You can **add parallelism to a numpy program** to improve its performance.

Nevertheless, there is a danger in naively adding parallelism to a program that uses numpy. This is for many reasons, such as some numpy math functions that are already multithreaded, not knowing how to configure multithreaded numpy functions, using the wrong type of parallelism, and **missing opportunities to improve the performance** of numpy math functions.

In this tutorial, you will discover the cost of naively adding parallelism to numpy programs in Python.

Let’s get started.

Table of Contents

## Cost of Implementing Parallelism Naively with Numpy

Numpy is a popular library for efficiently working with arrays of data.

In addition to working with arrays of data directly, it is a fundamental building block for many other scientific computing libraries.

As such, many modern Python programs make use of numpy directly or indirectly.

It is important that we make good or best use of our available CPU cores when using numpy so that our numpy programs run as fast as possible.

Parallelism allows us to make effective use of available hardware by executing two or more tasks simultaneously.
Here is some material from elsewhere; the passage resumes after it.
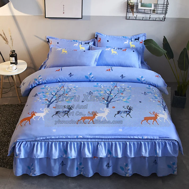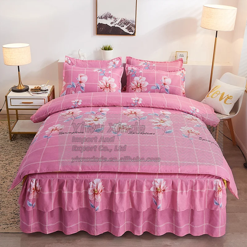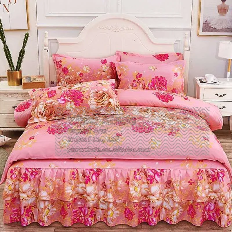 Wholesale New Design 4PCS Ruffled Bed Skirt Ruffle Bed Sheet Case Quilt Cover Duvet Set Blue Red Pink Bedskirt

Numpy supports parallelisms automatically behind the scenes. This is achieved using efficient third-party libraries to implement common mathematical operations.

You can learn more about this in the tutorial:

The built-in parallelisms in numpy can conflict with parallelisms in a Python application that may use threads or processes. Nevertheless, a careful combination of built-in parallelism and the addition of threads or processes can often result in better overall performance.

As such, neglecting parallelism when using numpy can result in worse-than-expected performance. Similarly, naively implementing parallelism can result in dramatically worse performance.

There are five problems that you may suffer if you do not carefully consider parallelism when using numpy.

They are:

- Cripple math operations that are already multithreaded.
- Miss opportunities to tune inherently multithreaded math operations.
- Choose the wrong type of parallelism when developing your numpy programs.
- Miss opportunities to improve the performance of a math operation.
- Achieve much worse performance when sharing numpy array data within your application.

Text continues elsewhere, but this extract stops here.